It would be a brisk trek towards the city of Foligno.

Once Felix was certain he was clear of danger, he slept beside an oak tree. Its leaves were an autumn yellow. Caesar curled up and slept beside him.

The next morning, Felix awoke to the taste of blue morning.

The old Roman roads flowed between every city in Italy, and the breaking sun made the Via Cassia shine like water. The landscape beside it existed nowhere else in the world, and sang with the poetry of a tapestry—rolling hills of the central Apennine Mountains and their snow-capped peaks in the distance, and a spattering of pastoral farms every half mile surrounded in sunlit fields of golden wheat.

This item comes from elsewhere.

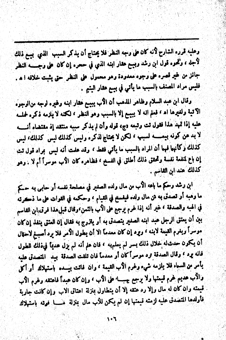 وَقَالَ ابْنُ عَبْدِ السَّلَامِ: وَظَاهِرُ الْمَذْهَبِ أَنَّ الْأَبَ يَبِيعُ عَقَارَ ابْنِهِ وَغَيْرَهُ لِوَجْهٍ مِنْ الْوُجُوهِ الْآتِيَةِ وَلِغَيْرِهَا. اهـ. فَعُلِمَ أَنَّهُ لَا يَبِيعُ إلَّا بِالسَّبَبِ وَهُوَ النَّظَرُ، لَكِنَّهُ لَا يَلْزَمُهُ ذِكْرُهُ لِحَمْلِهِ عَلَيْهِ، إذَا تَمَهَّدَ هَذَا فَقَوْلُ تت وَتَبِعَهُ " ج " قَوْلُهُ " وَإِنْ لَمْ يَذْكُرْ سَبَبَهُ " مُنْتَقَدٌ إذْ مُقْتَضَاهُ أَنَّهُ لَا بُدَّ عَنْ كَوْنِهِ يَبِيعُهُ لِسَبَبٍ، لَكِنْ لَا يَحْتَاجُ لِذِكْرِهِ وَلَيْسَ كَذَلِكَ، لَيْسَ كَذَلِكَ، لَيْسَ كَذَلِكَ وَكَأَنَّهُمَا فَهِمَا أَنَّ الْمُرَادَ بِالسَّبَبِ مَا يَأْتِي فَقَطْ، وَقَدْ عَلِمْت أَنَّهُ لَيْسَ بِمُرَادٍ، قَوْلُ تت إنْ بَاعَ لِمَنْفَعَةِ نَفْسِهِ وَتَحَقَّقَ ذَلِكَ أُطْلِقَ فِي الْفَسْخِ، فَظَاهِرُهُ كَانَ الْأَبُ مُوسِرًا أَمْ لَا. وَهُوَ كَذَلِكَ عِنْدَ ابْنِ الْقَاسِمِ. ابْنُ رُشْدٍ: وَحُكْمُ مَا بَاعَهُ الْأَبُ مِنْ مَالِ وَلَدِهِ الصَّغِيرِ فِي مَصْلَحَةِ نَفْسِهِ أَوْ حَابَى بِهِ حُكْمُ مَا وَهَبَهُ أَوْ تَصَدَّقَ بِهِ مِنْ مَالِ وَلَدِهِ فَيُفْسَخُ فِي الْقِيَامِ، وَحُكْمُهُ فِي الْفَوَاتِ عَلَى مَا ذَكَرْته فِي الْهِبَةِ وَالصَّدَقَةِ، غَيْرَ أَنَّهُ إذَا غَرِمَ يَرْجِعُ عَلَى الْأَبِ بِالثَّمَنِ، وَقَالَ قَبْلَ هَذَا: فَرَّقَ ابْنُ الْقَاسِمِ بَيْنَ أَنْ يَعْتِقَ الرَّجُلُ عَبْدَ ابْنِهِ الصَّغِيرِ يَتَصَدَّقُ بِهِ أَوْ يَتَزَوَّجُ بِهِ فَقَالَ: إنَّ الْعِتْقَ يَنْفُذُ إنْ كَانَ مُوسِرًا وَيَغْرَمُ الْقِيمَةَ لِابْنِهِ، وَيُرَدُّ إنْ كَانَ مُعْدِمًا إلَّا أَنْ يَطُولَ الْأَمْرُ فَلَا يُرَدَّ أَصْبَغُ لِاحْتِمَالِ أَنْ يَكُونَ حَدَثَ لَهُ خِلَالَ ذَلِكَ يُسْرٌ لَمْ يُعْلَمْ بِهِ، فَإِنْ عُلِمَ أَنَّهُ لَمْ يَزَلْ عَدِيمًا فِي ذَلِكَ الطُّولِ فَإِنَّهُ يُرَدُّ، وَقَالَ: الصَّدَقَةُ تُرَدُّ مُوسِرًا كَانَ أَوْ مُعْدِمًا فَإِنْ تَلِفَتْ الصَّدَقَةُ بِيَدِ الْمُتَصَدَّقِ عَلَيْهِ بِأَمْرٍ مِنْ السَّمَاءِ فَلَا يَلْزَمُهُ شَيْءٌ وَغَرِمَ الْأَبُ الْقِيمَةَ، وَإِنْ فَاتَتْ بِيَدِهِ بِاسْتِهْلَاكٍ أَوْ أَكْلٍ، وَالْأَبُ عَدِيمٌ غَرِمَ قِيمَتَهَا وَلَا يَرْجِعُ بِهَا عَلَى الْأَبِ، وَإِنْ كَانَ عَبْدًا فَأَعْتَقَهُ وَغَرِمَ الْأَبُ قِيمَتَهُ وَإِنْ كَانَ لَهُ مَالٌ وَإِلَّا رُدَّ عِتْقُهُ إلَّا أَنْ يَتَطَاوَلَ بِمَنْزِلَةِ إعْتَاقِ الْأَبِ وَإِنْ كَانَتْ جَارِيَةٌ فَأَوْلَدَهَا الْمُتَصَدَّقُ عَلَيْهِ لَزِمَتْهُ قِيمَتُهَا إنْ لَمْ يَكُنْ لِلْأَبِ مَالٌ بِمَنْزِلَةِ مَا فَوَّتَهُ بِاسْتِهْلَاكٍ

The October harvest was among the common folk. They were in their fields, adorned in simple tunics and breeches, reaping with their plowshares for the last time this year. The women worked alongside the men and wore linen wimples on their heads. An early chill could soil the harvest, so they hurried to complete it together. The wheat, once milled into flour, would last them through the winter. A majority would go to their lords, what was needed for the hungry mouths of their families would be kept, and the rest would be sold.

Some of the men stopped to watch Felix pass by, rubbing sweat from their brows and relishing the reprieve from their work. Indulging in a bit of curiosity, they inspected the lone horseman and considered if he was a threat. As they were armed with scythe and sickle and he was alone, they were confident that he posed no danger to them, and they returned to their toil.

Felix wondered of the men as well. In his belief, men are of two kinds.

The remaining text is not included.